The sort of information we are discussing answers, for example, questions
like
Where is this module used?
Who wrote this code? Where does he
work?
What documents exist about that concept?
Which laboratories are
included in that project?
Which systems depend on this device?
What
documents refer to this one?
The problems of information loss may be particularly acute at CERN, but in
this case (as in certain others), CERN is a model in miniature of the rest of
world in a few years time. CERN meets now some problems which the rest of the
world will have to face soon.

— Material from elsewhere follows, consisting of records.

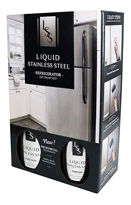 Actualizar el acabado de su viejo refrigerador de acero inoxidable en cuatro horas con un nuevo rollo de pintura hecha con acero inoxidable de 100 por ciento. Líquido refrigerador de acero inoxidable Kit Todos nuestros productos son de Estados Unidos SKU 31071818880
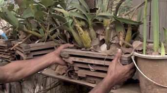 右の写真は上の作棚とは異なるが、ここではバスケットにヤシ殻で植え込んでいるのが見える。
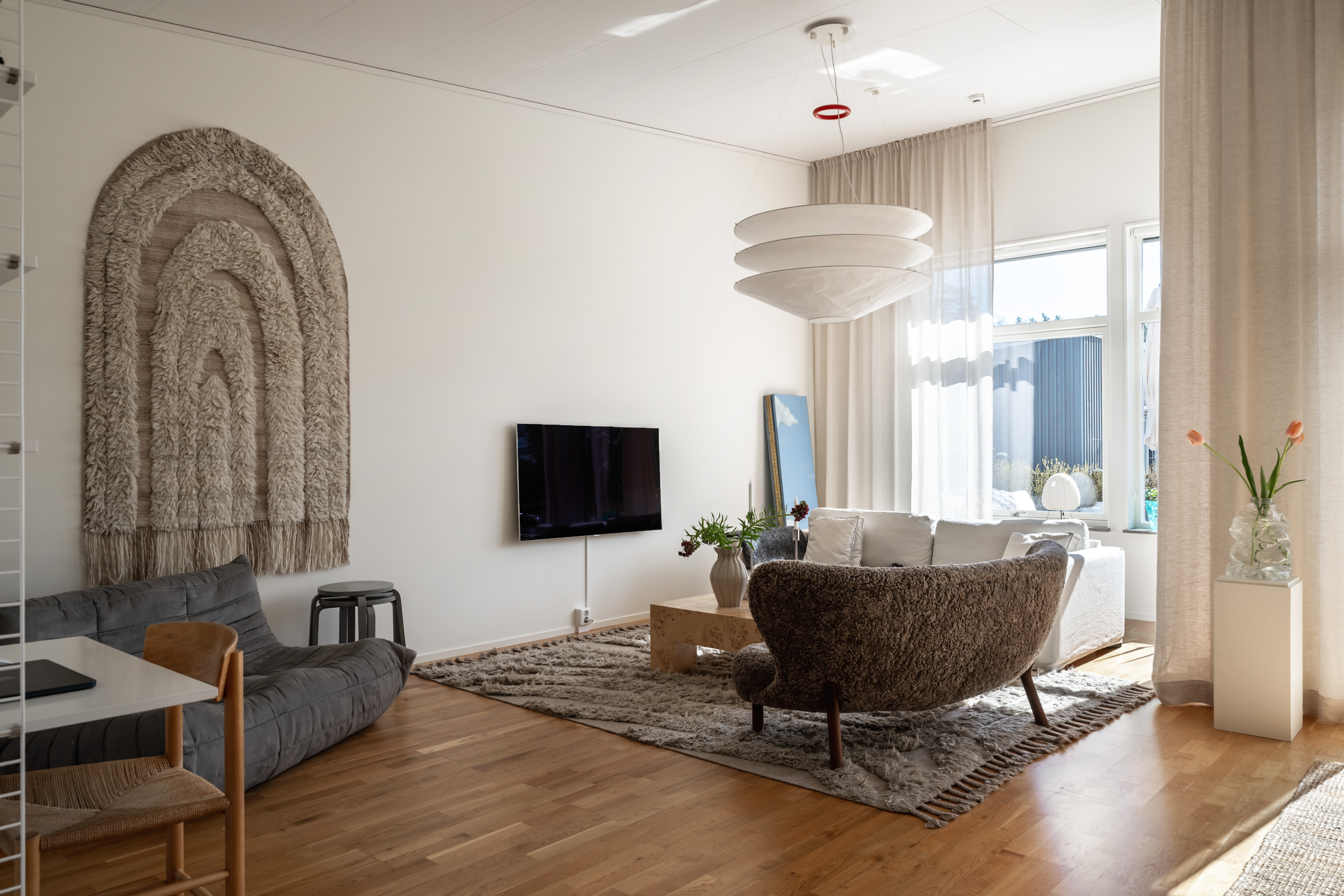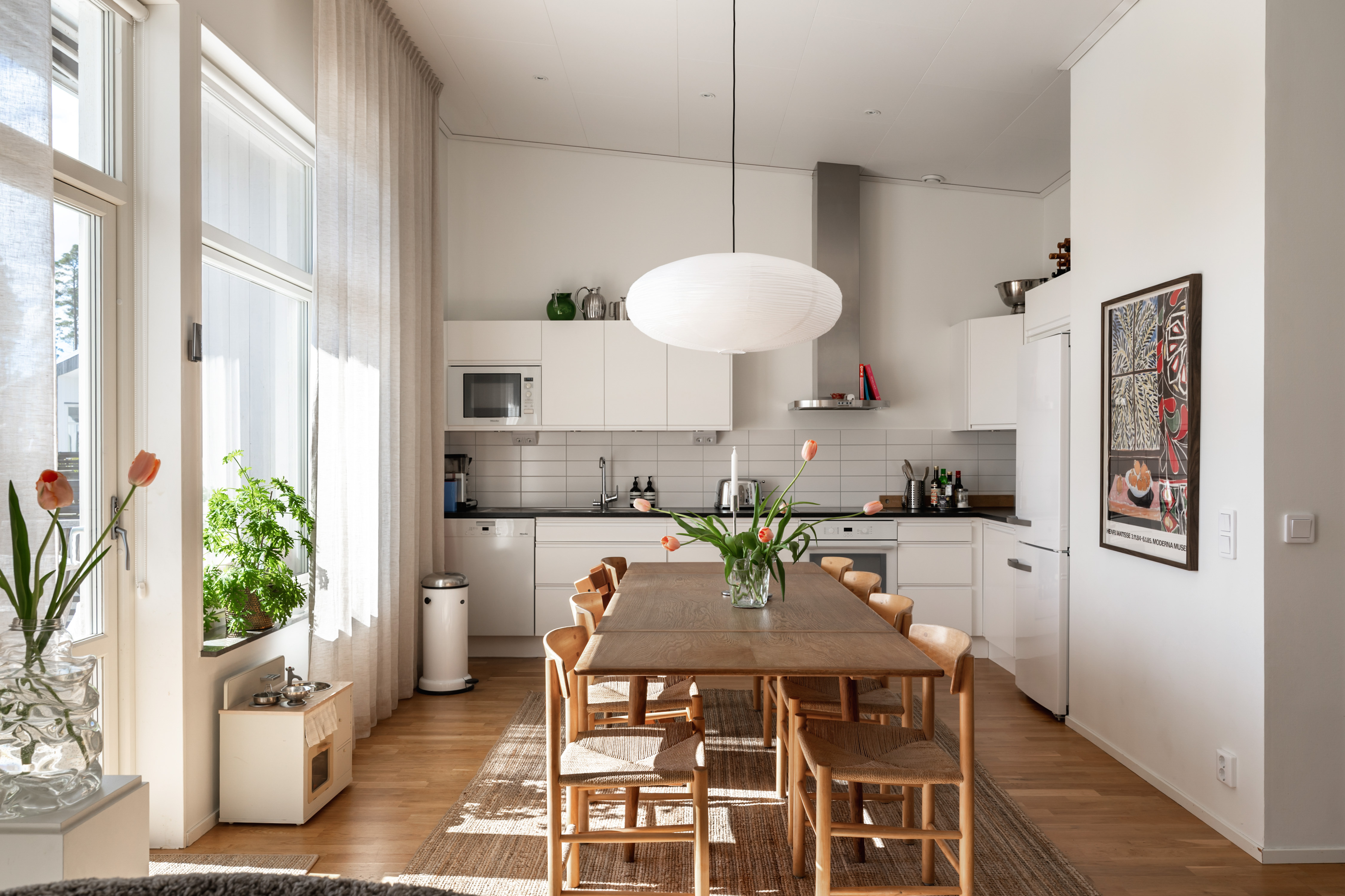 - Parkettgolv och målade väggar. - Öppen planlösning mot köket. - 3,6 meter i takhöjd som högst. Stora fönster som get härligt ljusinsläpp.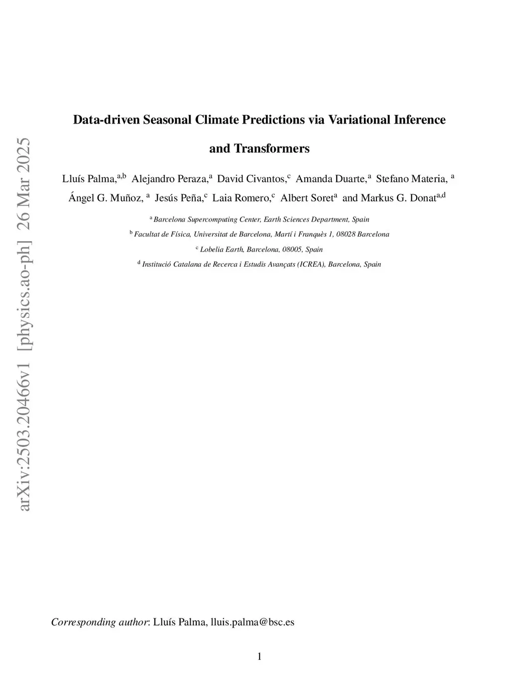 Data-driven Seasonal Climate Predictions via Variational Inference and Transformers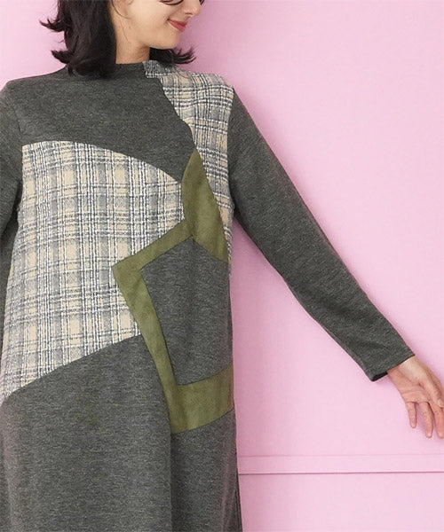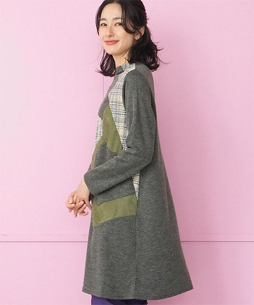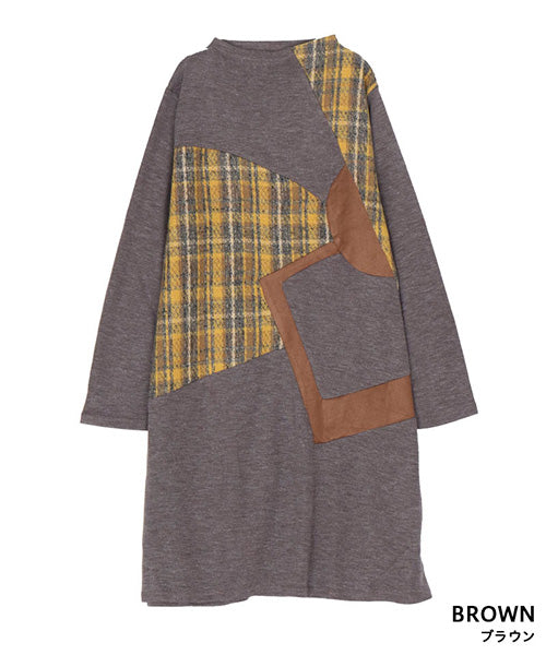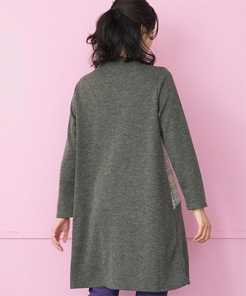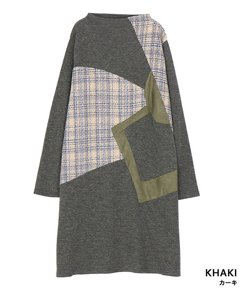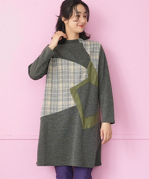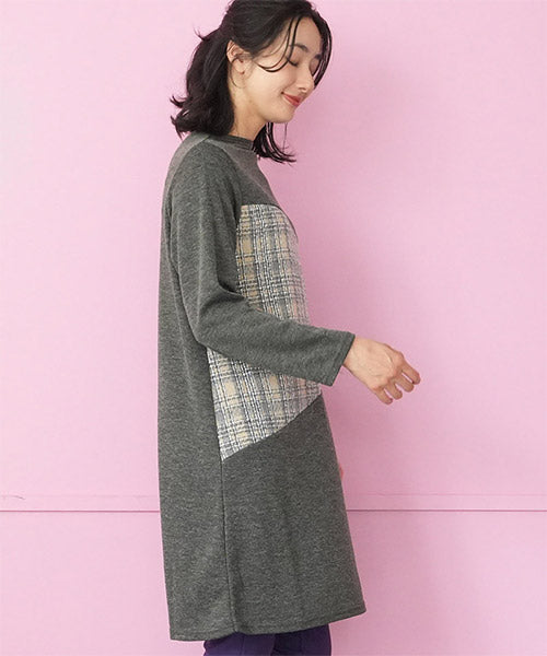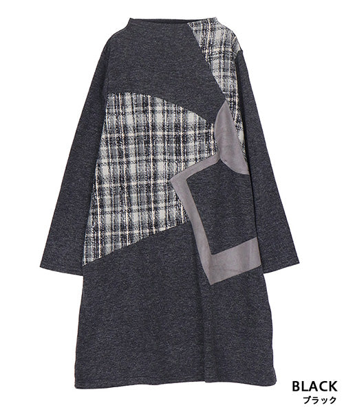 ツイードパッチワーク切替長袖チュニック 46-0273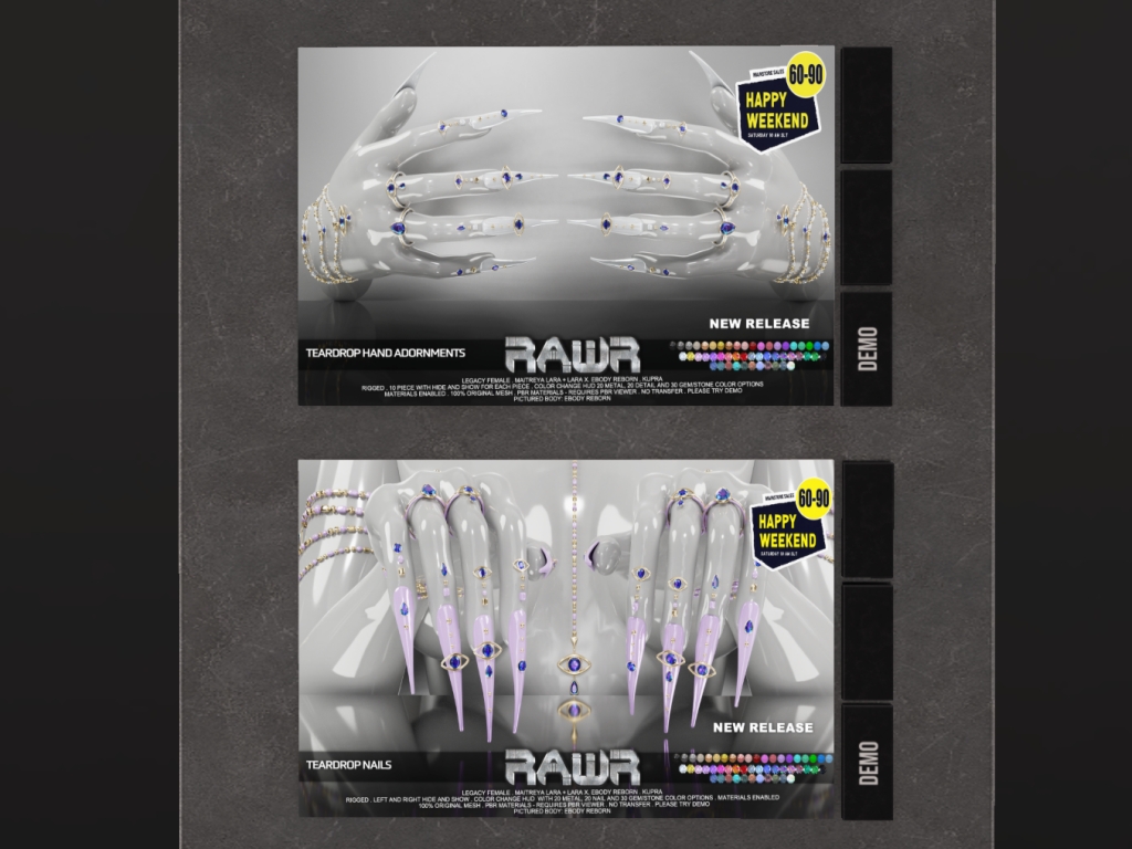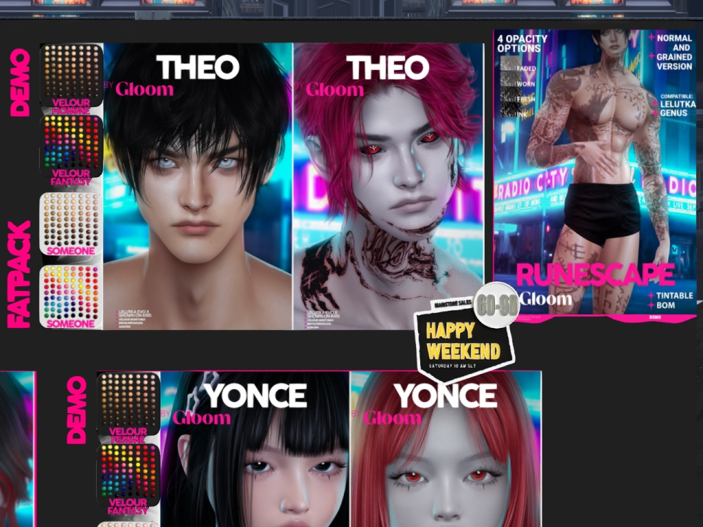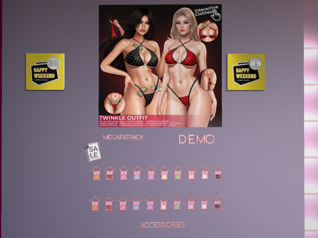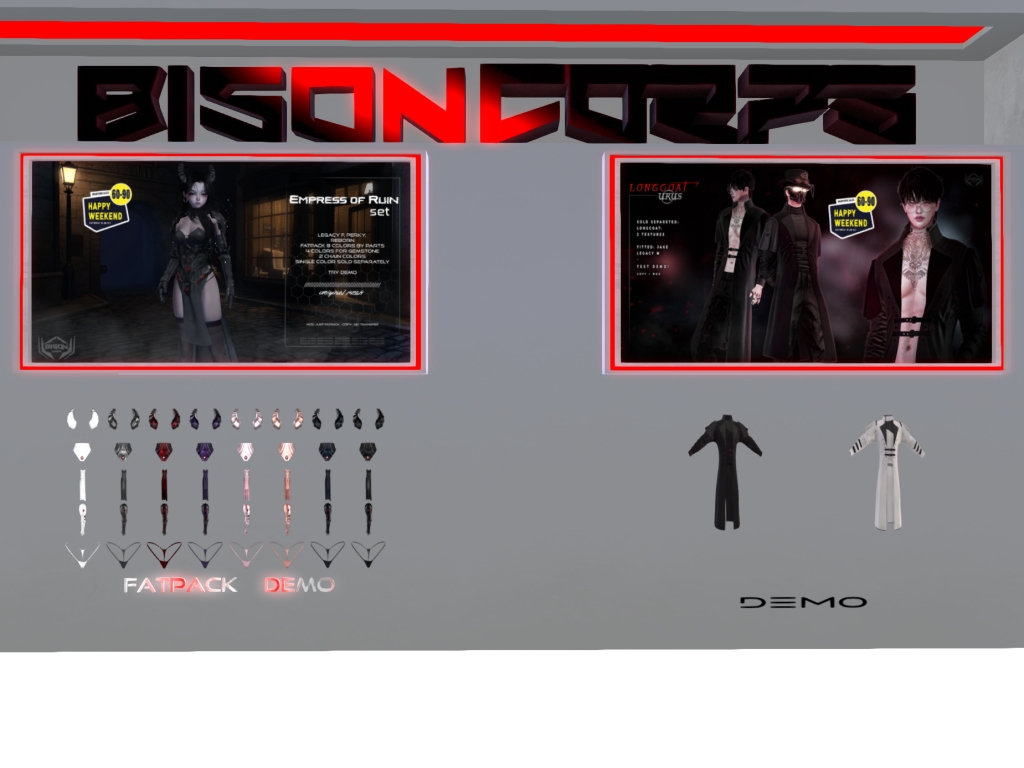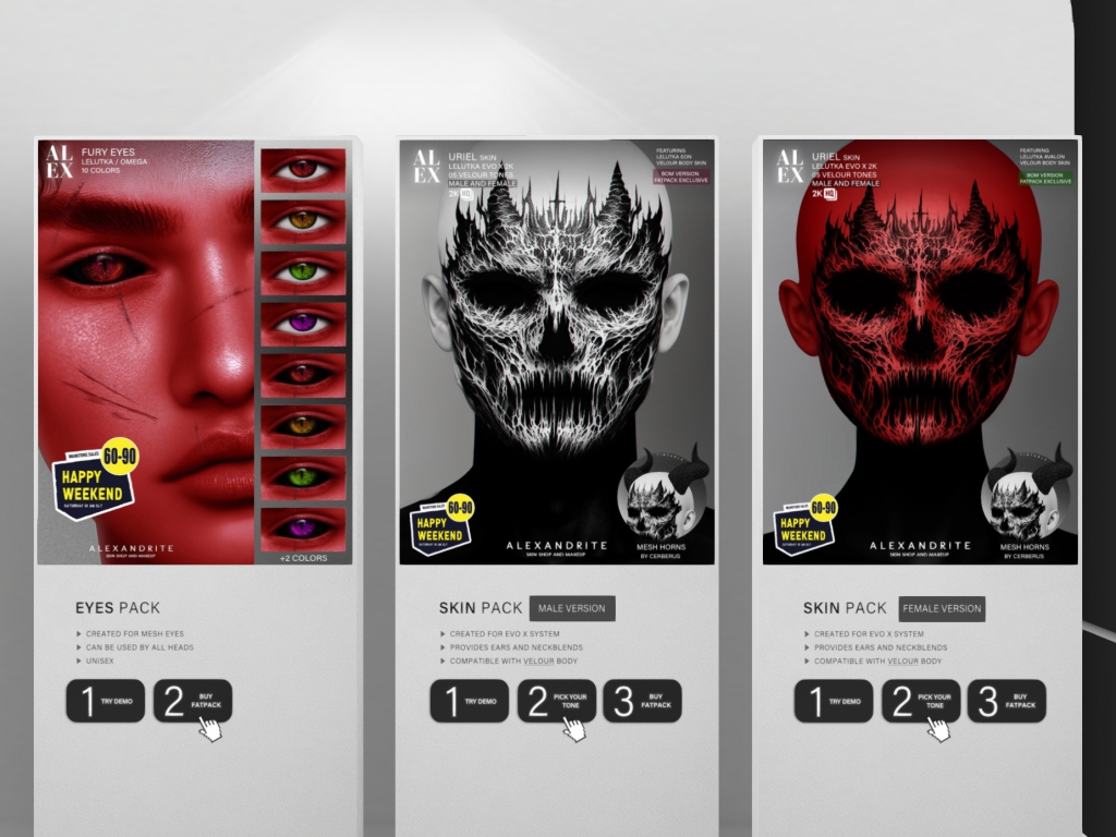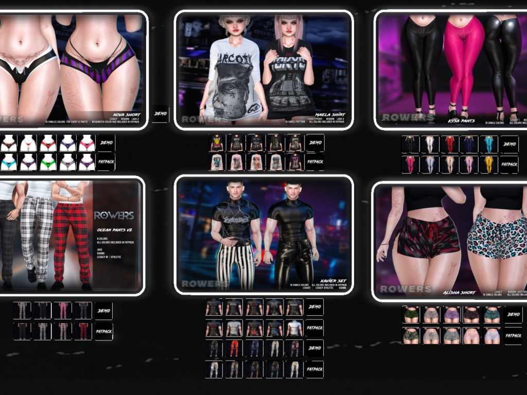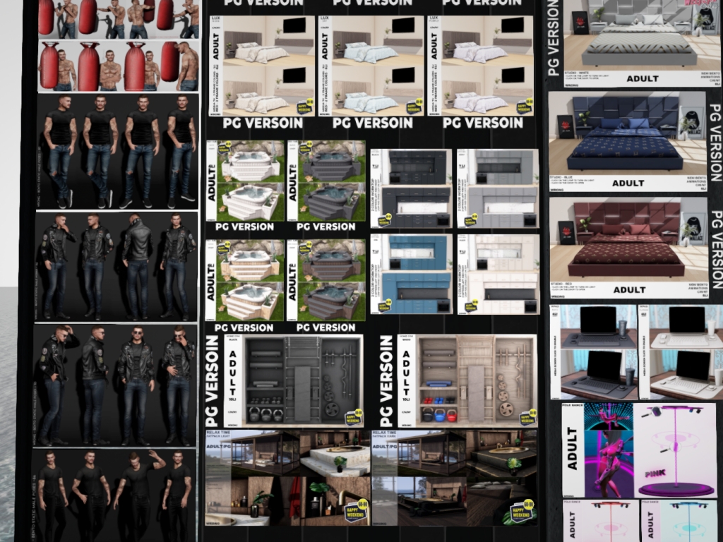 Featuring: Accessories, Animations/Poses/Props, Avatar Components, Avatar Enhancements, Builds, Clothing, Cosmetics/Nails, Footwear, Hairs, Home and Garden, Skins, Tattoos, Vehicles

In 10 years, there may be many commercial
solutions to the problems above, while today we need something to allow us to
continue.
Linked information systems
In providing a system for manipulating this sort of information, the hope
would be to allow a pool of information to develop which could grow and evolve
with the organisation and the projects it describes. For this to be possible,
the method of storage must not place its own restraints on the information. This
is why a "web" of notes with links (like references) between them is far more
useful than a fixed hierarchical system. When describing a complex system, many
people resort to diagrams with circles and arrows. Circles and arrows leave one
free to describe the interrelationships between things in a way that tables, for
example, do not. The system we need is like a diagram of circles and arrows,
where circles and arrows can stand for anything.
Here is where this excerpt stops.